Perhaps you should contemplate the phrase and its usage. The term "dumb jock" is always referring to dumbness, or a lack of care for, academic and intellectual pursuits. That's it. Your pedantism is confounding.


Being able to kick a ball, no matter how accurate, is a feat of coordination and physical dexterity, not brains.


Nice video and analysis, but the big animation programs all contain simulation packages, which will calculate precisely this, it may even be easier to simulate the collision than to animate by hand. ( And what really put me off in the video is the use of time lapse in the repeated kicks, precisely at the moment where one could hide a cut.)

On the other hand a NFL level kicker is roughly 50% for 50+ yard field goals. [1] Therefore the 5 50 yard field goals should be possible for an NFL kicker in something like 2^5/2=16 tries. ( Similar for the 60, 50 etc sequence, using again the stats,

1/3.* (24./47)* (96./141.)* (120./136)* (119/121.) = .1

it should require something like 10 tries. ( Assuming a probability of 1/3. for the 60 yrd.) So I think the video is genuine, but only because I wonder why anyone would spoil an impressive video by just one special effects shot.) To really convince me, one would need to calculate the kick of the second ball, since this is the moment where animation and reality have to match.

[1] e.g. David Ackers 24 - 47 for 50+ http://sports.yahoo.com/nfl/players/4587/career


Actually, for 2012, kickers are 61% for 50+ yard field goals [1], including an incredible 10/10 performance.

[1] http://sports.yahoo.com/nfl/stats/byposition?pos=K


I bet they do better in practice on an empty field than in a game where they have a limited amount of time and a bunch of big guys headed their way quick.


This has always amazed me when basketball players are practicing. For the shots they specialize in, their miss rate is 0% with no guarding or pressure.

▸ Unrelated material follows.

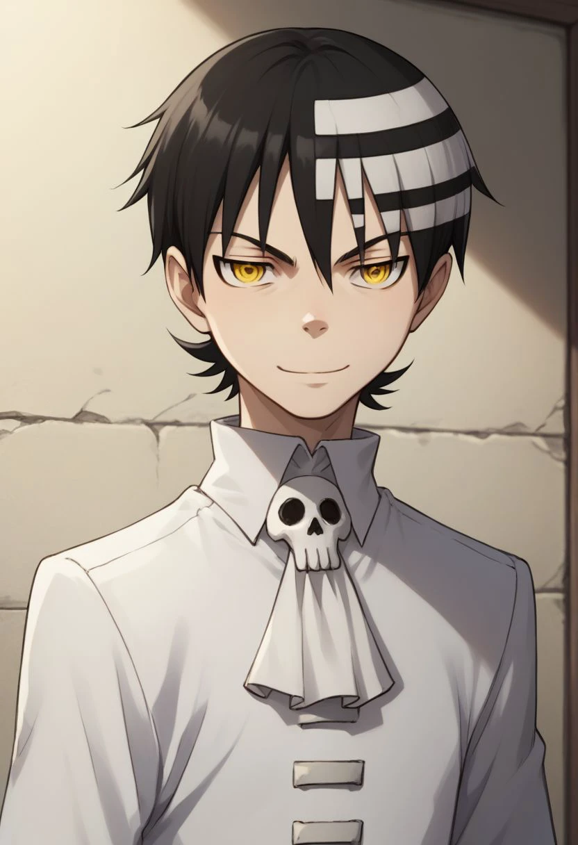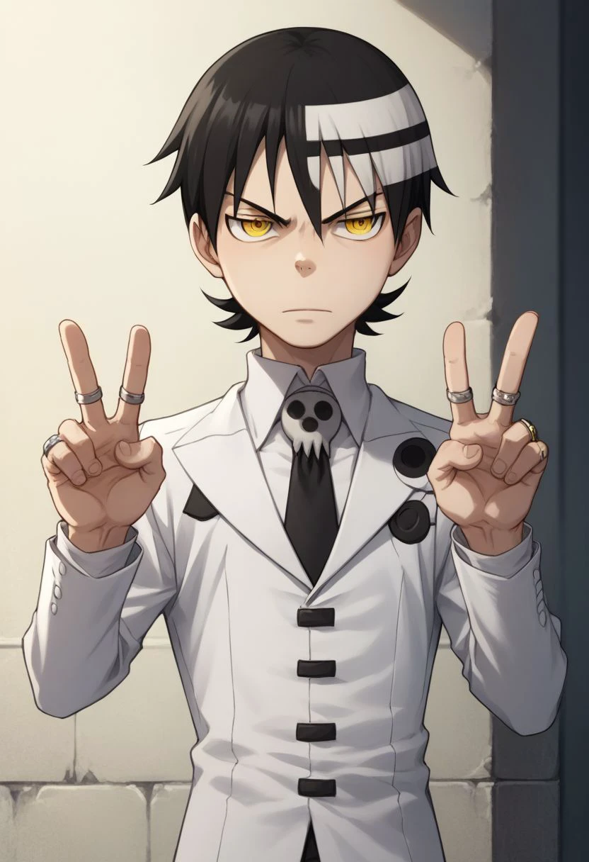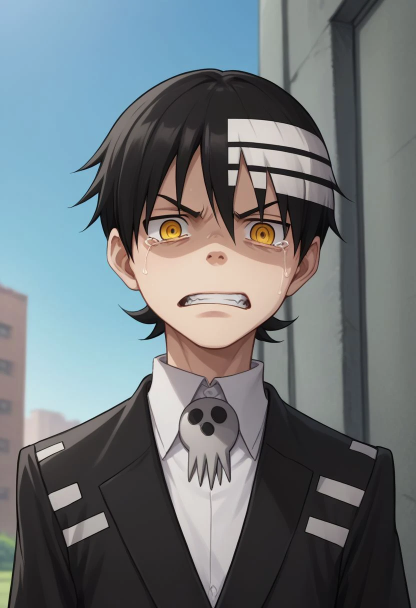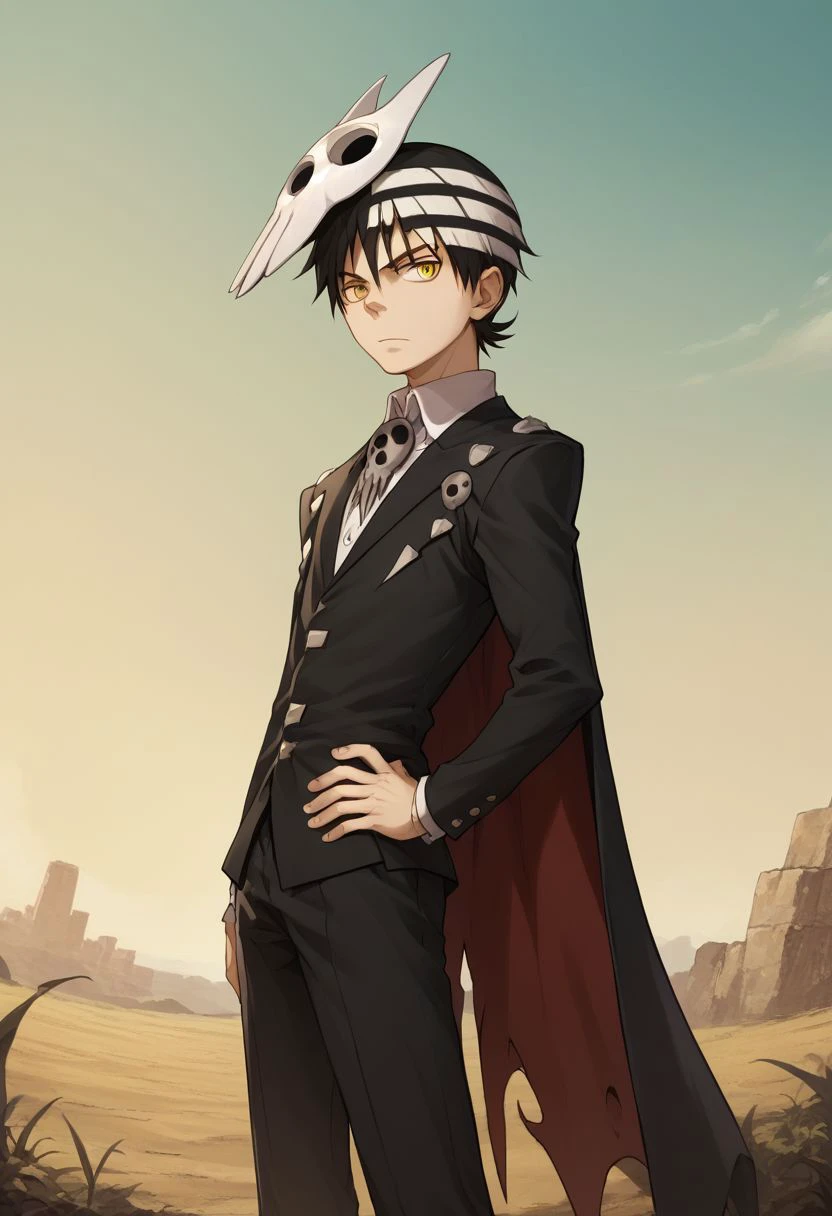 Suit: deathk, 1boy, male focus, black hair, yellow eyes, formal, suit, pants, short hair, black pants, shirt, shoes,

I remember a section from Feynman's "Surely you are joking..." where he says he went over a textbook chapter for Newton's laws and found a graph, purportedly from an experiment where they rolled a ball down an inclined plane. He says the graph followed the equations perfectly, with a little Gaussian noise sprinkled in, but they had neglected to account for the rotational inertia of the ball, and so he concluded that the 'experiment' was faked.


It seems to me that most of these kicks are better suited for a different sport.


Soccer. In fact, the acrobatic "freestyle soccer" sub-category.


I'm more of a soccer fan, and there's this video of a famous soccer player Ronaldinho doing the "crossbar challenge" - from about 30-40 yards out, he repeatedly hits the crossbar with a soccer ball, only to have it come back to him. The precision required to pull of such a feat is just mind boggling. http://youtu.be/KNwLn85I75Y?t=1m25s


Sorry but that Ronaldinho video is a Nike ad and is obviously fake!


I knew it was an ad. But, I wouldn't be surprised if a professional soccer player could pull that off. Also, could you tell me why you think it is "obviously fake"?


I've played soccer for years, including with some ex-professionals and I'd be very surprised if any player could hit the crossbar that many times in a row from that distance with that precision. The bit that screams "obviously fake", for me at least, is the near perfect return trajectory each time.

Hitting the crossbar requires kicking something ~8.5" in diameter at something 5" wide so you've got a 'window' of 22" to aim at. With practice you might be able to do it 3/5 times from 20 yards.

(3/5)^4 =~ 1/8

So 8 tries to do it 4 times in a row.

To get the ball to come back like that each time the 'window' is now about 1" (if that). Outside that window and it bounces down to the ground, or glances the bar and goes behind the goal, or bounces way up in the air and never returns to you. So each kick is now 3/(5x22) and (3/(5x22))^4 = 1 in 1.8 million. Good luck.